Note searching for “block matrix” gave many results, unlike “block matri” only one at JuliaHub. and seemingly better without a hyphen.

What kind of storage format do you want? BSR seems to be it or BCSR, or even consider Blocked-Ellpack format:

Do you have some kind of structure? E.g. are there as many blocks per row? It seems better for [blocked] Ellpack:

The Sliced Ellpack format is standardized and well-known as the state of the art. ..
[different section below]
The Blocked Ellpack format is similar to the standard Ellpack, where the column indices represent two-dimensional blocks instead of a single matrix entry.
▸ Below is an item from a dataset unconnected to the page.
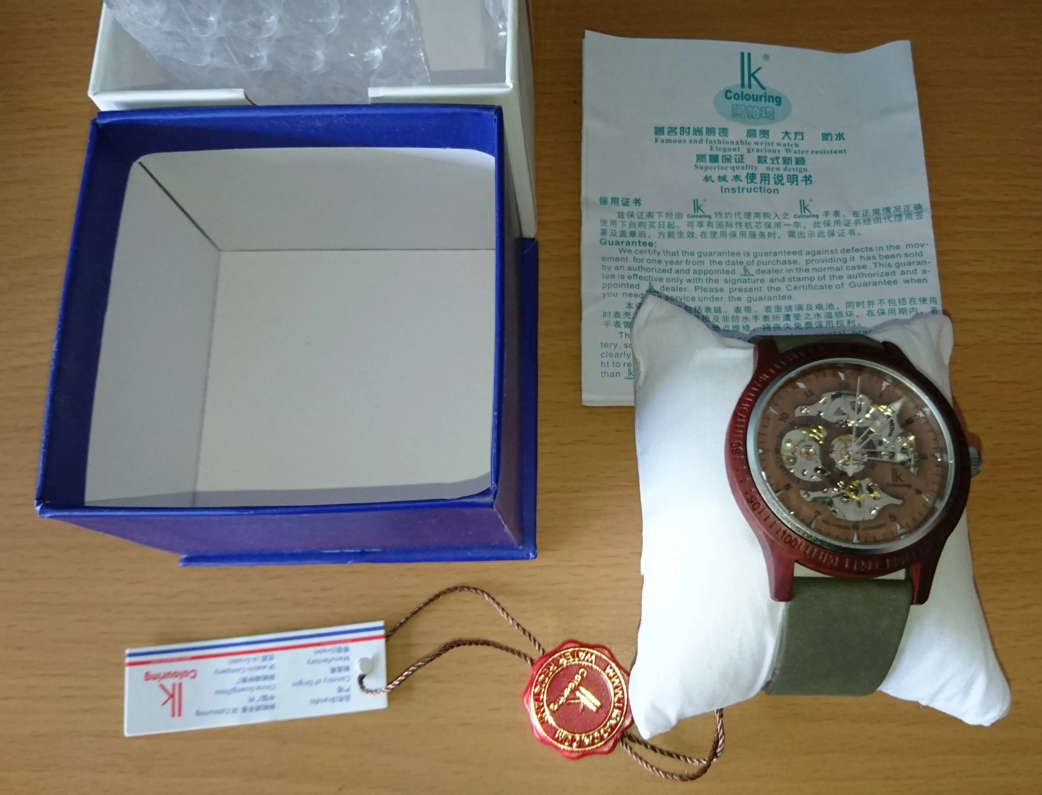 IK colouring 2022 hommes montre mode bois boîtier en cuir véritable Bracelet automatique mécanique squelette Steampunk montre-Bracelet en bois
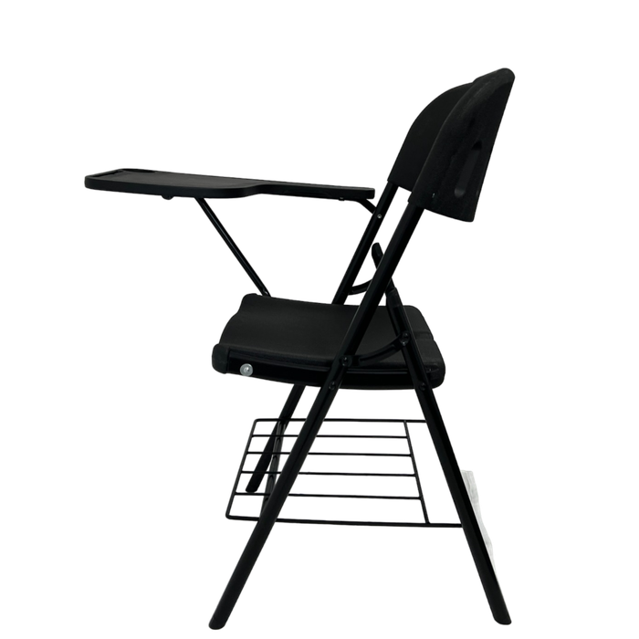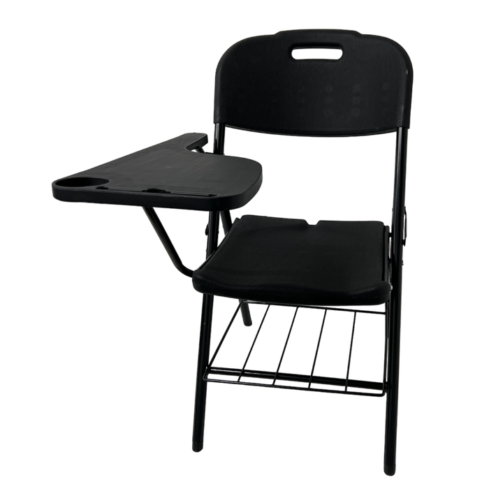 Prancheta: Inclui uma prancheta dobrável e ajustável, ideal para tomar notas, escrever ou usar dispositivos eletrônicos durante aulas, palestras ou reuniões.

Do you want to run on a GPU or not? Then consider cuSPARSE, but I also see cuSPARSELt I wasn’t familiar with. You have access to the former, and seemingly also some access to the latter with CUDA.jl:

https://www.osti.gov/servlets/purl/1366653

We examine the implementation of block compressed row storage (BCSR) sparse matrix-vector multiplication (SpMV) for sparse matrices with dense block sub-structure, optimized for blocks with sizes from 2x2 to 32x32, on CPU, Intel many-integrated-core, and GPU architectures. .. We give a set of algorithms that performs SpMV up to 4x faster than the NVIDIA cuSPARSE cusparseDbsrmv routine, up to 147x faster than the Intel Math Kernel Library (MKL) mkl dbsrmvroutine (a single-threaded BCSR SpMV kernel), and up to 3x faster than the MKL mkl dcsrmv routine (a multi-threaded CSR SpMV kernel).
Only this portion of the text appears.